I will be teaching this new course in Autumn 2012. I hope that it will be a regular 200-level course in Gender, Women & Sexuality Studies, but for this first time out it is a special topics offering. In this inaugural year, it gives students a unique opportunity to explore feminist art and the multiple contexts of its creation and circulation through an exciting series of events at UW and in the community, at the Seattle Art Museum, Henry Art Gallery, Seattle Public Library, and Seattle International Film Festival. Please help spread the word so that the course will be fully enrolled and offered in years to come!

Feminist Art and Visual Culture in a Global Perspective
GWSS 290 Special Topics in Women Studies
Fall 2012, M-Th 11:30-12:20
Download Flyer 


While women artists around the world have reinvented art-making practices and challenged conventional understandings of culture and society, the story of feminist art presented in major museums and exhibits has centered on Euro-American artists, artworks, and movements. This course explores how feminist artistic production poses questions about power, gender, and sexuality, while offering a global feminist art history grounded in centers like Mumbai, Beijing, and Johannesburg. It aims to introduce students to the rich and varied range of contemporary feminist art practice and theory and to examine the local and global contexts—aesthetic and sociocultural—that have shaped it across diverse locations. Artists covered will include figures such as He Chengyao, Kim Sooja, Yayoi Kusama, Meera Mukherjee, Shirin Neshat, and Tracey Rose.

The course is organized in conjunction with an international conference, New Geographies of Feminist Art: China, Asia, and the World, which will be held at the University of Washington in November.

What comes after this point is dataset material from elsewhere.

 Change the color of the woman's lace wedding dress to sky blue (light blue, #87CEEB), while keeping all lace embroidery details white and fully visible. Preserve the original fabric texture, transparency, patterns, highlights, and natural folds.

It is timed to coincide with Elles, a major exhibit of feminist art originally installed at the Centre Pompidou in Paris, which will be at the Seattle Art Museum from October 2012 to January 2013. Combining scholarly presentations with artists’ and curators’ roundtables, this conference addresses the practice, circulation, and cross-cultural significance of contemporary feminist art from Asia.

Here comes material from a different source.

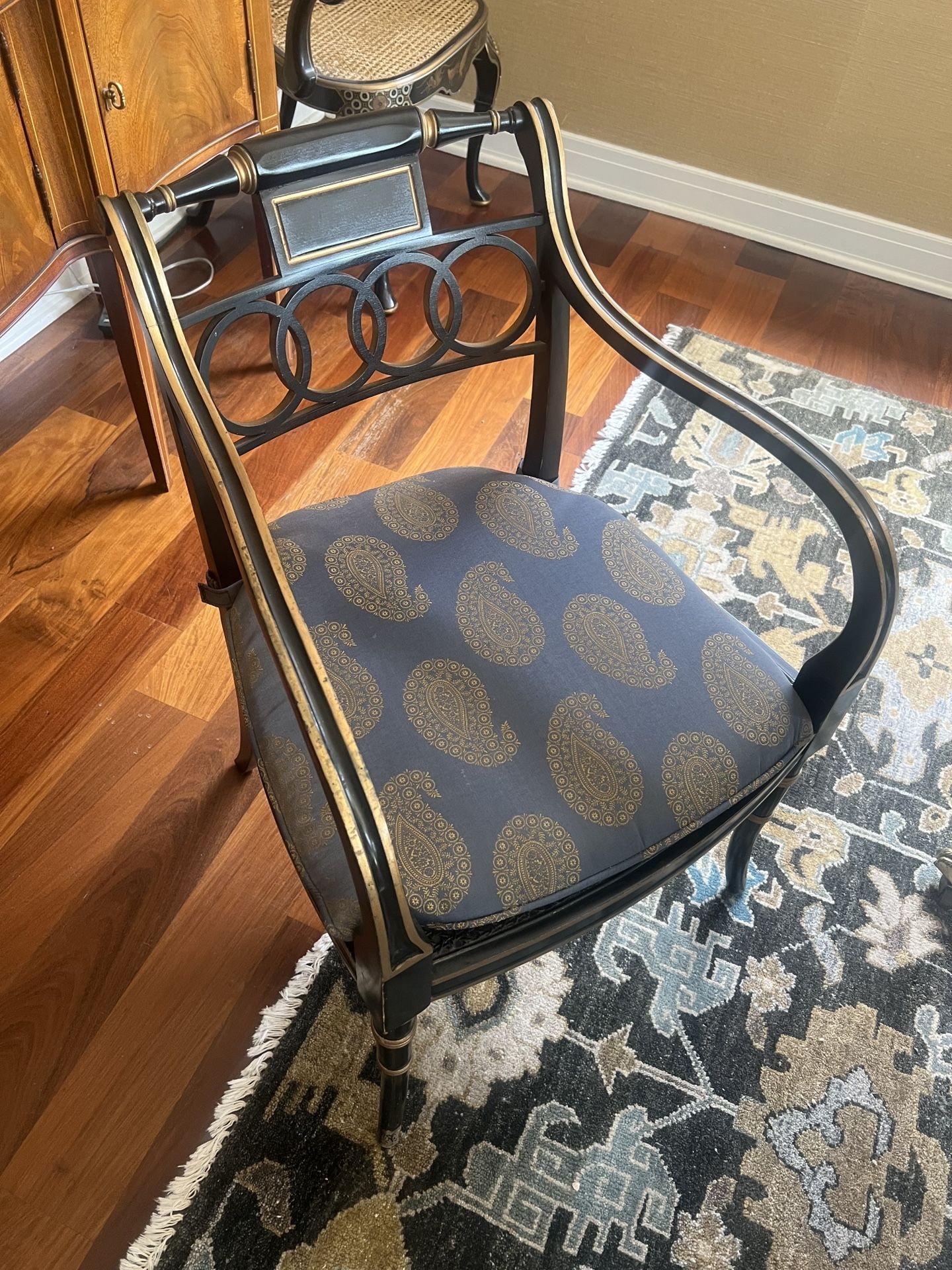 10 beautifully crafted Baker dining chairs. French provincial design with cane seats and accompanying seat cushions. There are 4 armchairs and 6 regular dining chairs. Black with gold trim. 1 chair with slight tear will be free!

GWSS 290 incorporates, as part of the course structure, visits to local museums, guided gallery tours, and talks by important visiting scholars and artists, including Hung Liu (San Francisco), Wu Mali (Taiwan), Navjot (India), and Zanele Muholi (South Africa). It offers students a unique opportunity to explore feminist art and the multiple contexts of its creation and circulation through an exciting series of events at UW and in the community, at the Seattle Art Museum, Henry Art Gallery, Seattle Public Library, and Seattle International Film Festival.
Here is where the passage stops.